→ PROMPT: Every entry is to be restated exactly; pictures are not part of the copy.

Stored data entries
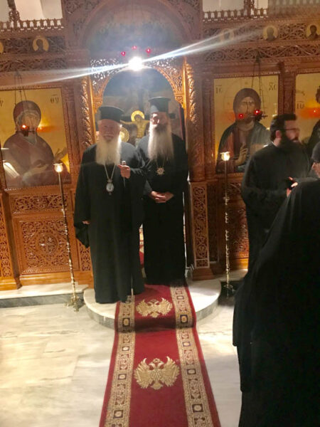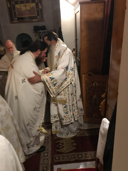 Τον Θεοφιλέστατο πλαισίωσαν ο Αρχιμ. Τιμόθεος Λαϊβεράς, Αρχιερατικός Σαλαμίνος, ο Αρχιμ. Αχίλλιος Τσούτσουρας, Προϊστάμενος του Μητροπολιτικού Ναού της Ιεράς Μητροπόλεως Λαρίσης και Τυρνάβου, οι κληρικοί της Ιεράς Αρχιεπισκοπής Αθηνών π. Χρήστος Βλάχος και π. Νικόλαος Βλαβιανός, ο π. Βασίλειος Ρουπάκας της Ιεράς Μητροπόλεως Θηβών και Λεβαδείας και ο Αρχιδιάκονος του Αγίου Θηβών π. Δημήτριος Αναδιώτης. Κατά την διάρκεια της Ιεράς Αγρυπνίας προσήλθε στην Μονή και ο οικείος Ποιμενάρχης κ. Γεώργιος για να ευχηθεί στην εορτάζουσα Καθηγουμένη Γερόντισσα Ευπραξία αλλα και στην επίσης εορτάζουσα αδελφή της Μονής μοναχή Ολυμπιάδα. Με ιδιαίτερα πατρικά λόγια αγάπης ο κ. Γεώργιος απηύθυνε λόγο οικοδομής και ευχαρίστησε τον Επίσκοπο Θεσπιών κ. Συμεών για την ιερουργία του στην αγρυπνία αλλά και για την εν γένει συμπαράστασή του στις ανάγκες της Μονής. Επίσης, κάλεσε τους πάντες σε εκτενή προσευχή για την αποτροπή του κινδύνου της πύρινης λαίλαπας που έπληξε την περιοχή Ασωπίας και Τανάγρας της Μητροπόλεως. Κατά την διάρκεια της αγρυπνίας τον θείο λόγο κήρυξε ο κ. Συμεών, ο οποίος αναφέρθηκε στη σημασία της οσιακής βιοτής μέσα στο σύγχρονο θορυβώδη κόσμο. «Το οσιακό παράδειγμα βιοτής αποτελεί την μόνη εναλλακτική πρόταση ζωής σε ένα κόσμο που κινείται σε ιλιγγιώδεις ρυθμούς θορύβου, ανασφάλειας, ανταγωνισμών, συγκρούσεων, αντιπαραθέσεων και αδιεξόδων. Η ησυχία και η ειρήνη των λογισμών είναι ο μόνος φωτεινός δρόμος μέσα στο σκοτάδι ενός κόσμου που ψάχνει νόημα πολλές φορές μέσα σε ομιχλώδη και θολά τοπία» ανέφερε ο κ. Συμεών. Στο τέλος ο κ. Συμεών αναφέρθηκε στο πρόσωπο της εορτάζουσας Καθηγουμένης γερόντισσας Ευπραξίας, ευχαρίστησε τον Μητροπολίτη Θηβών κ. Γεώργιο για την ευλογία της αγρυπνίας και για την αδιάπτωτη και διηνεκή του αγάπη, ενώ μετέφερε και τις ευχές του Μακαριωτάτου κ. Ιερωνύμου.
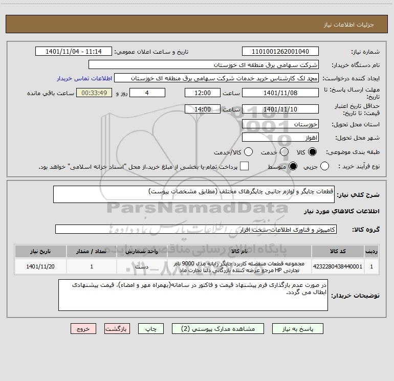 شرح کلی نیاز: قطعات چاپگر و لوازم جانبی چاپگرهای مختلف (مطابق مشخصات پیوست)
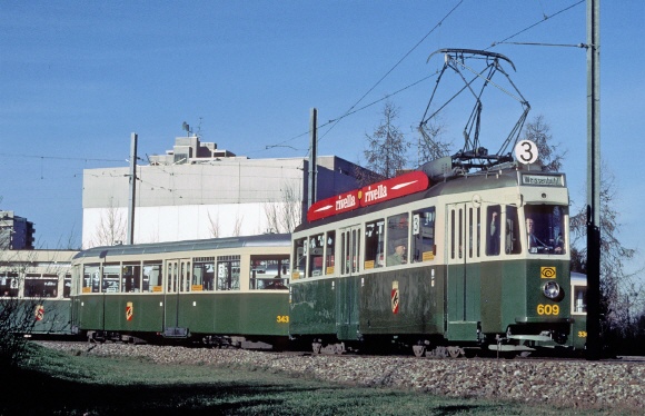 Modell des Be 4/4 609 in der Ausführung der letzten Betriebsjahre. Das mit Liniennummern- und Linienverlaufstafeln der Linie 3 dekorierte Fahrzeug hat werkseitig bis auf den Rückspiegel alle Kleinteile montiert. Werbedachtafeln zur Selbstmontage liegen bei. Der Antrieb erfolgt auf alle vier Achsen. Unter dem Wagendach, das ohne Werkzeuge einfach abgenommen werden kann, befindet sich die sechspolige Digitalschnittstelle (NEM 651). Das Modell ist werkseitig für Analogbetrieb ausgerüstet. Der Frontscheinwerfer, das rote Schlusslicht und der Fahrgastraum sind beleuchtet.
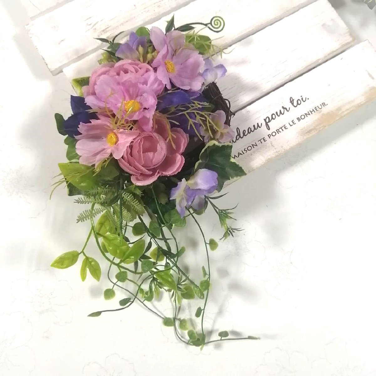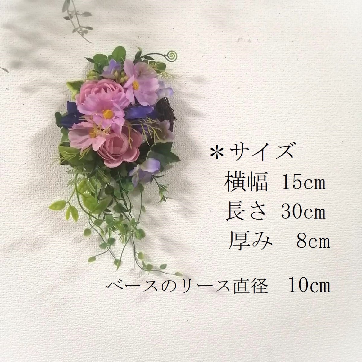 | * 花倶楽部 * 造花壁掛けリース・壁掛けアレンジ ✿…お祝いにも花倶楽部のお花を…✿ ずっときれいに咲いているアーティフィシャルフラワー(造花)の壁掛けです。 ピンクのコスモスを飾ったリースです。 ふんわり癒されるお花に仕上げました。 お好きなところへ飾ってやさしい空間をお楽しみください。 気に入っていただければうれしいです。 裏側に壁掛け用の輪をワイヤーで作ってあります。 大事な方へのプレゼントにも♪ ◇毎日きれいに咲いている造花のリース・壁掛けはギフトにもお勧めです。華やかな空間作りにどうぞ◇ ご自宅用に、プレゼントに、ご利用ください♪ ** プレゼントラッピング・メッセージカードも無料でお付けできます** お買い上げ前に、ご不明なこと等、 どうぞお気軽にお問い合わせください。 ◆発送について 宅配便・定形外とも 透明のラッピングフィルムで包んでから、プチプチの梱包材で包み 段ボールに入れて丁寧に梱包して、お届け致します。 発送の手配は月~金曜日の平日となります。 (土・日・祝日はお休みです) ・定形外郵便は追跡は出来ませんので ご了承どうぞよろしくお願い致します。 ・宅配便はゆうパックで発送致します。 お届けの時間指定ができます。 午前中 12時頃~14時頃 14時頃~16時頃 16時頃~18時頃 18時頃~20時頃 19時頃~21時頃 ◆お花・花器の破損について 至急ご連絡をお願いします。 お客様のご負担にならないように 個別に善処させていただきます。 ◆返品交換について お客様のご都合の場合は、送料お客様負担で承ります。 到着より2日以内で至急、ご連絡をお願いいたします。 気持ちの良いスムーズなお取引に心がけますので、 どうぞよろしくお願いいたします。 |
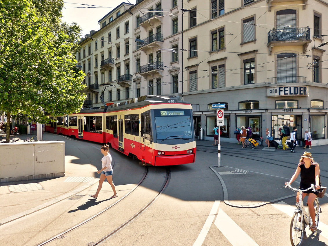 Drei gekuppelte Stadler Be 4/6 (Nr. 62, 67und 68 „Egg“) der Forchbahn fahren am 07.06.2015 vom Bahnhof Zürich Stadelhofen als S18 in Richtung Esslingen los, hier fahren sie gerade die Kreuzbühlstrasse hinauf.
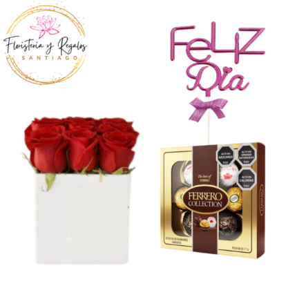 CAJA 9 ROSAS + BOMBONES FERREROS + TOPPER
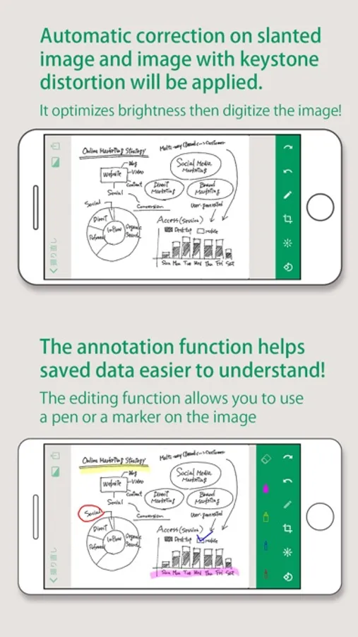 When the written surface of CleanBoard is within the shooting range, Clean board automatically recognizes the written area and snaps the image. The App corrects the tilt and keystone to create an optimized image.

→ FINISHED TASK:
 Τον Θεοφιλέστατο πλαισίωσαν ο Αρχιμ. Τιμόθεος Λαϊβεράς, Αρχιερατικός Σαλαμίνος, ο Αρχιμ. Αχίλλιος Τσούτσουρας, Προϊστάμενος του Μητροπολιτικού Ναού της Ιεράς Μητροπόλεως Λαρίσης και Τυρνάβου, οι κληρικοί της Ιεράς Αρχιεπισκοπής Αθηνών π. Χρήστος Βλάχος και π. Νικόλαος Βλαβιανός, ο π. Βασίλειος Ρουπάκας της Ιεράς Μητροπόλεως Θηβών και Λεβαδείας και ο Αρχιδιάκονος του Αγίου Θηβών π. Δημήτριος Αναδιώτης. Κατά την διάρκεια της Ιεράς Αγρυπνίας προσήλθε στην Μονή και ο οικείος Ποιμενάρχης κ. Γεώργιος για να ευχηθεί στην εορτάζουσα Καθηγουμένη Γερόντισσα Ευπραξία αλλα και στην επίσης εορτάζουσα αδελφή της Μονής μοναχή Ολυμπιάδα. Με ιδιαίτερα πατρικά λόγια αγάπης ο κ. Γεώργιος απηύθυνε λόγο οικοδομής και ευχαρίστησε τον Επίσκοπο Θεσπιών κ. Συμεών για την ιερουργία του στην αγρυπνία αλλά και για την εν γένει συμπαράστασή του στις ανάγκες της Μονής. Επίσης, κάλεσε τους πάντες σε εκτενή προσευχή για την αποτροπή του κινδύνου της πύρινης λαίλαπας που έπληξε την περιοχή Ασωπίας και Τανάγρας της Μητροπόλεως. Κατά την διάρκεια της αγρυπνίας τον θείο λόγο κήρυξε ο κ. Συμεών, ο οποίος αναφέρθηκε στη σημασία της οσιακής βιοτής μέσα στο σύγχρονο θορυβώδη κόσμο. «Το οσιακό παράδειγμα βιοτής αποτελεί την μόνη εναλλακτική πρόταση ζωής σε ένα κόσμο που κινείται σε ιλιγγιώδεις ρυθμούς θορύβου, ανασφάλειας, ανταγωνισμών, συγκρούσεων, αντιπαραθέσεων και αδιεξόδων. Η ησυχία και η ειρήνη των λογισμών είναι ο μόνος φωτεινός δρόμος μέσα στο σκοτάδι ενός κόσμου που ψάχνει νόημα πολλές φορές μέσα σε ομιχλώδη και θολά τοπία» ανέφερε ο κ. Συμεών. Στο τέλος ο κ. Συμεών αναφέρθηκε στο πρόσωπο της εορτάζουσας Καθηγουμένης γερόντισσας Ευπραξίας, ευχαρίστησε τον Μητροπολίτη Θηβών κ. Γεώργιο για την ευλογία της αγρυπνίας και για την αδιάπτωτη και διηνεκή του αγάπη, ενώ μετέφερε και τις ευχές του Μακαριωτάτου κ. Ιερωνύμου.
 شرح کلی نیاز: قطعات چاپگر و لوازم جانبی چاپگرهای مختلف (مطابق مشخصات پیوست)
 Modell des Be 4/4 609 in der Ausführung der letzten Betriebsjahre. Das mit Liniennummern- und Linienverlaufstafeln der Linie 3 dekorierte Fahrzeug hat werkseitig bis auf den Rückspiegel alle Kleinteile montiert. Werbedachtafeln zur Selbstmontage liegen bei. Der Antrieb erfolgt auf alle vier Achsen. Unter dem Wagendach, das ohne Werkzeuge einfach abgenommen werden kann, befindet sich die sechspolige Digitalschnittstelle (NEM 651). Das Modell ist werkseitig für Analogbetrieb ausgerüstet. Der Frontscheinwerfer, das rote Schlusslicht und der Fahrgastraum sind beleuchtet.
 | * 花倶楽部 * 造花壁掛けリース・壁掛けアレンジ ✿…お祝いにも花倶楽部のお花を…✿ ずっときれいに咲いているアーティフィシャルフラワー(造花)の壁掛けです。 ピンクのコスモスを飾ったリースです。 ふんわり癒されるお花に仕上げました。 お好きなところへ飾ってやさしい空間をお楽しみください。 気に入っていただければうれしいです。 裏側に壁掛け用の輪をワイヤーで作ってあります。 大事な方へのプレゼントにも♪ ◇毎日きれいに咲いている造花のリース・壁掛けはギフトにもお勧めです。華やかな空間作りにどうぞ◇ ご自宅用に、プレゼントに、ご利用ください♪ ** プレゼントラッピング・メッセージカードも無料でお付けできます** お買い上げ前に、ご不明なこと等、 どうぞお気軽にお問い合わせください。 ◆発送について 宅配便・定形外とも 透明のラッピングフィルムで包んでから、プチプチの梱包材で包み 段ボールに入れて丁寧に梱包して、お届け致します。 発送の手配は月~金曜日の平日となります。 (土・日・祝日はお休みです) ・定形外郵便は追跡は出来ませんので ご了承どうぞよろしくお願い致します。 ・宅配便はゆうパックで発送致します。 お届けの時間指定ができます。 午前中 12時頃~14時頃 14時頃~16時頃 16時頃~18時頃 18時頃~20時頃 19時頃~21時頃 ◆お花・花器の破損について 至急ご連絡をお願いします。 お客様のご負担にならないように 個別に善処させていただきます。 ◆返品交換について お客様のご都合の場合は、送料お客様負担で承ります。 到着より2日以内で至急、ご連絡をお願いいたします。 気持ちの良いスムーズなお取引に心がけますので、 どうぞよろしくお願いいたします。 |
 Drei gekuppelte Stadler Be 4/6 (Nr. 62, 67und 68 „Egg“) der Forchbahn fahren am 07.06.2015 vom Bahnhof Zürich Stadelhofen als S18 in Richtung Esslingen los, hier fahren sie gerade die Kreuzbühlstrasse hinauf.
 CAJA 9 ROSAS + BOMBONES FERREROS + TOPPER
 When the written surface of CleanBoard is within the shooting range, Clean board automatically recognizes the written area and snaps the image. The App corrects the tilt and keystone to create an optimized image.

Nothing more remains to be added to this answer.